- **Collected data**:
##########
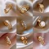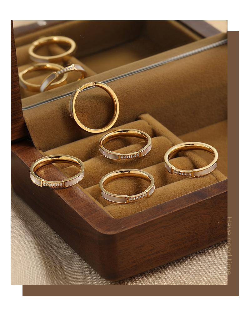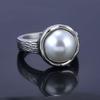 Anillo de Estilo Palacio Retro con Incrustaciones de Diamantes y Seis Perlas de Nácar Blanco, Anillo de Dedo Índice de Acero de Titanio de Lujo Ligero, Moderno y Personalizado
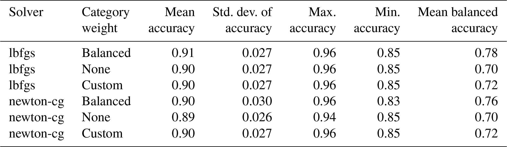 Table 1Model configuration accuracy metrics across the six model configurations. Model configurations include the combination of solver and category weight options (rows), and accuracy metrics (columns) include the mean, standard deviation, maximum, and minimum for prediction accuracy, and mean balanced accuracy for the 20 model iterations (different random training and testing data splits) within each configuration. The first row shows the best-performing model configuration.
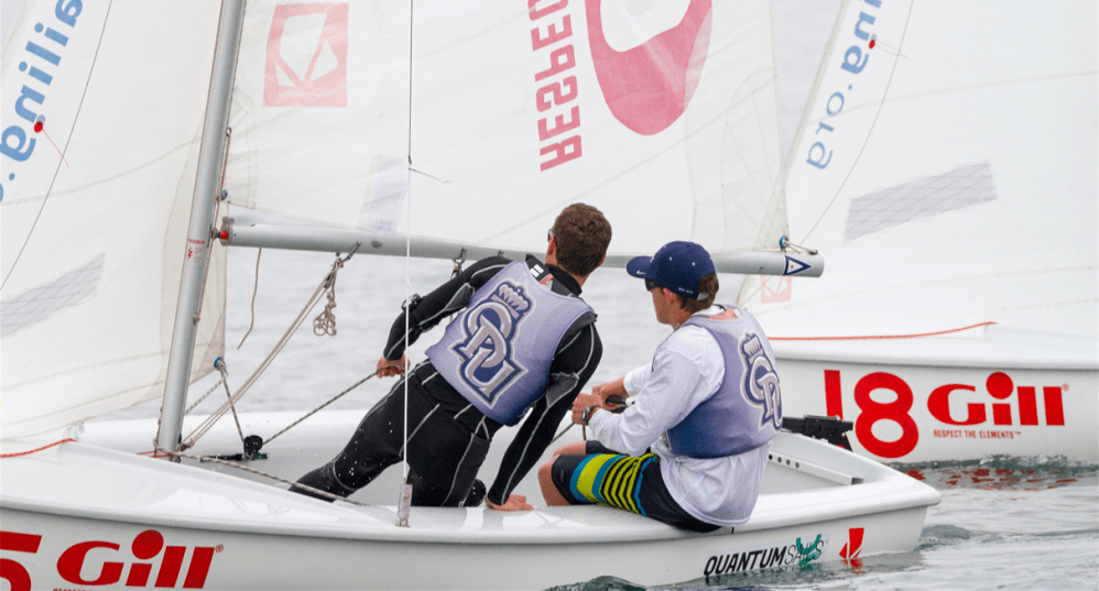 - too many crews sit in or up too early in breeze, or they come in or sit up to adjust jib trim. When there’s wind, the default is to hike (see photo)
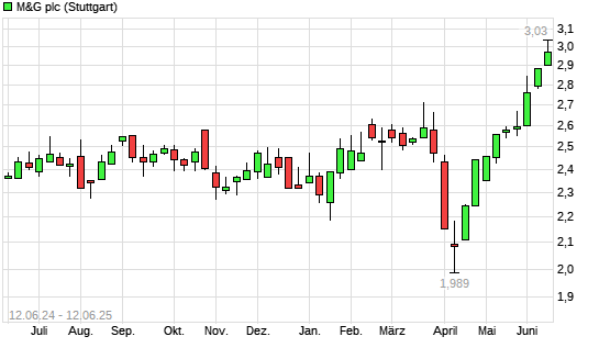 Mit dem Anstieg auf 2,98 EUR hat die M&G-Aktie (ISIN GB00BKFB1C65) am 11.06.2025 ein neues 5-Jahres-Hoch erreicht und damit den Kurs vom 09.06.2025 eingestellt.
##########
- **Aim of the exercise**: Leave out the pictures, and write out all the remaining data above exactly.

- **Solution to the exercise**:
 Anillo de Estilo Palacio Retro con Incrustaciones de Diamantes y Seis Perlas de Nácar Blanco, Anillo de Dedo Índice de Acero de Titanio de Lujo Ligero, Moderno y Personalizado
 Table 1Model configuration accuracy metrics across the six model configurations. Model configurations include the combination of solver and category weight options (rows), and accuracy metrics (columns) include the mean, standard deviation, maximum, and minimum for prediction accuracy, and mean balanced accuracy for the 20 model iterations (different random training and testing data splits) within each configuration. The first row shows the best-performing model configuration.
 - too many crews sit in or up too early in breeze, or they come in or sit up to adjust jib trim. When there’s wind, the default is to hike (see photo)
 Mit dem Anstieg auf 2,98 EUR hat die M&G-Aktie (ISIN GB00BKFB1C65) am 11.06.2025 ein neues 5-Jahres-Hoch erreicht und damit den Kurs vom 09.06.2025 eingestellt.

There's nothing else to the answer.